La plupart, même sans avoir lu Laforgue, Joyce, Ionesco ou Tarkos versent des larmes de chevrotine fondue à la pensée des centaines de milliers de lecteurs qui ont acheté, lu, aimé le « roman » dont l’incipit est  : Elle est américaine, étudiante en troisième année à l’université de Berkeley. Le premier livre de Basile Szymanski s’adresse à ces lecteurs-là, il commence au futur et ne fait pas n’importe quoi de la liberté formelle dont il s’empare. Il amarre son style – j’y viens, regarde – à des socles esthétiques réels, pour ne pas dire ostentatoires, et réellement esthétiques. Ces socles sont imbriqués, si je puis me permettre, avec talent. On pourrait les appeler Dolce vita, Fin de siècle, Post-modernisme.

Pour la dolce Vita, cela saute aux yeux, cela compose on va dire la captatio benevolentiae du livre avec, notamment, ce double-sens très réussi, très jeunesse dorée injecté sur le verbe « fondre » dans le tronçon de phrase que je voudrais avoir déposé à la SACD : la nuit romaine qui fondra comme un sorbet sur le fantôme du Colisée.
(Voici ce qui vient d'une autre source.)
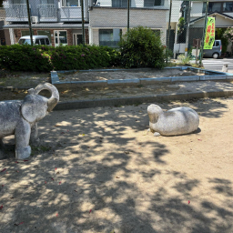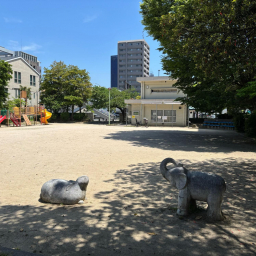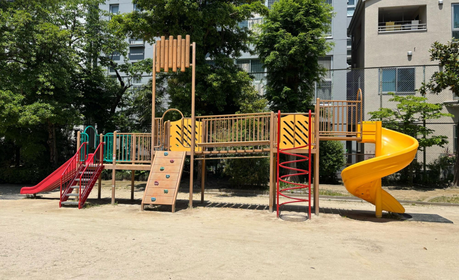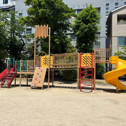 気分が明るくなるような鮮やかな黄色のすべり台を中心に、様々な形の登り遊具が組み合わさった大型複合遊具が設置されています。小さなお子さんでも安心して登れる低めの階段もあるので、よちよち歩きでも楽しめますよ。ブランコや背丈にあった大きさの選べる鉄棒も並び、バリエーション豊富に遊べます!砂場も広々としていて◎周囲には木陰やベンチも多く、親御さんものびのび遊ぶお子さまを安心して見守ることができます♡
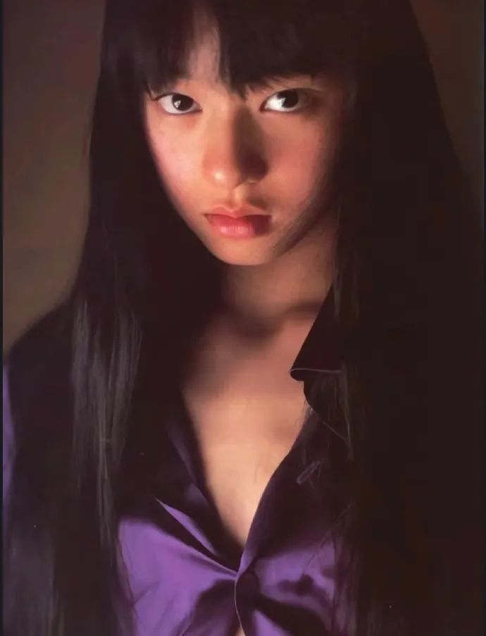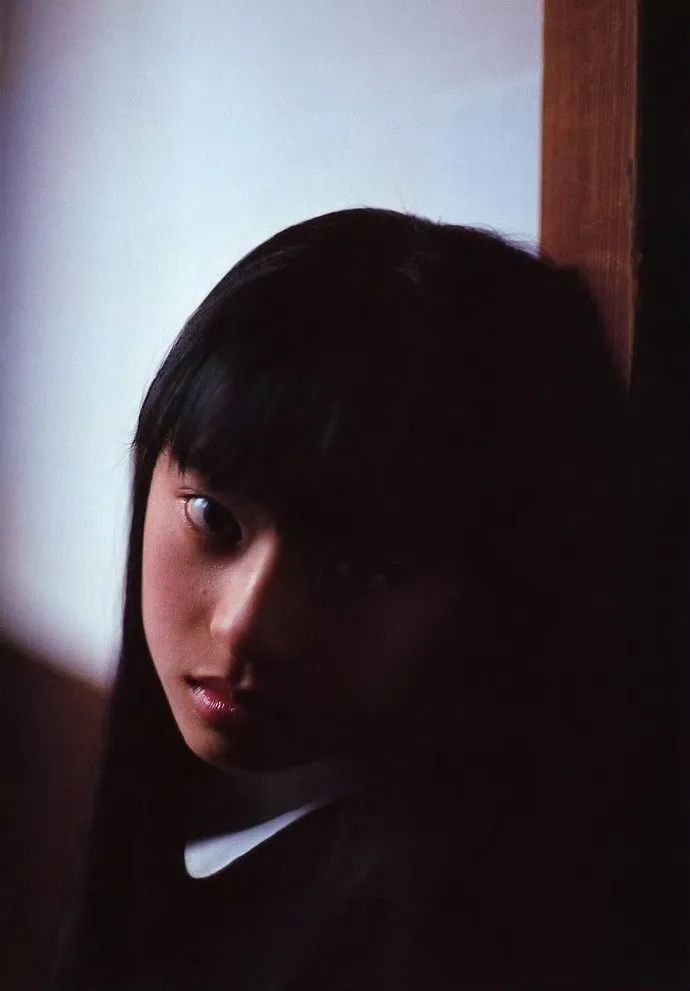 第一,栗山千明的下颌线非常刚硬,用黑长直发可以很好地修饰自己的脸型。

D’autres allusions à Fellini embellissent le texte, tant dans le choix d’une structure sibylline à première vue que dans les annotations qui renvoient au culte de l’intelligence pure, à l’aristocratie, ou du moins à cet idéal de désœuvrement, de futilité, de « vie inimitable » qui séduisent toujours. Nous voyageons donc entre Fitzgerald, Sagan, Sofia Coppola et Easton Ellis.

Boris Pelcer
Boris Pelcer

Et l’on ne peut craindre d’avoir à aucun moment glissé dans la sentine où prospèrent Von Ziegesar, Pille, Sperling et consorts, parce que chez Szymanski, l’esprit Fin de siècle écrête chaque phrase au burin de l’humour, de la dérision, de la distanciation à tout prix, voire de la démystification grasse. En revanche, premier livre oblige, que sais-je, cette utilisation stylistique de la trivialité frôle si souvent la facilité qu’elle troue des fois le placo par mégarde, comme dans tels dialogues jeunistes ou surtout tel zeugme qui, à mon sens, rate bien bien la dernière marche et nous donne, à nous aussi, envie de pleurer des larmes de spectateur, d’esthète et de crocodile. Meilleur dans la parodie et en particulier dans l’application des lieux communs de la mystique universelle, l’auteur sait accommoder un ton impeccablement sentencieux avec de proverbiales énormités, dans un éclat de rire hérité du Lord Byron de Don Juan. Il est encore plus plaisant de reconnaître sans arrêt, sans lassitude, le goût de Huysmans, de Schwob ou de Lorrain pour l’accumulation, la juxtaposition burlesque ou finaude d’éléments hétéroclites.

Dave Pollot
Dave Pollot

L’exigence formelle est toujours là cependant, dominant la fatigue décadentiste. Car si le nouvel auteur fin de siècle a lu tous les (ou lu trop de) livres, son esprit exulte, n’est pas triste, et sa chair ne l’est pas davantage, d’après ce qu’il en dit, du moins. Après le modernisme tyrannique des trente glorieuses, qui alla jusqu’à interdire le figuratif à ses grand-oncles, il s’autorise à imiter les choses du monde. Lui aussi rejette les formes vieilles, mais n’a pour autant pas l’ambition d’en inventer de nouvelles. Ce n’est pas qu’il se fiche des formes, jamais de la vie, ni qu’il manque de courage, c’est qu’il faudrait voir à créer une forme nouvelle à partir de ce qu’est devenu le monde. Ce serait une forme bâtie sur de l’incertitude et du chaos, de l’hyper-information, de l’hyper-technologie et de la consommation de masse. Ce serait du post-modernisme.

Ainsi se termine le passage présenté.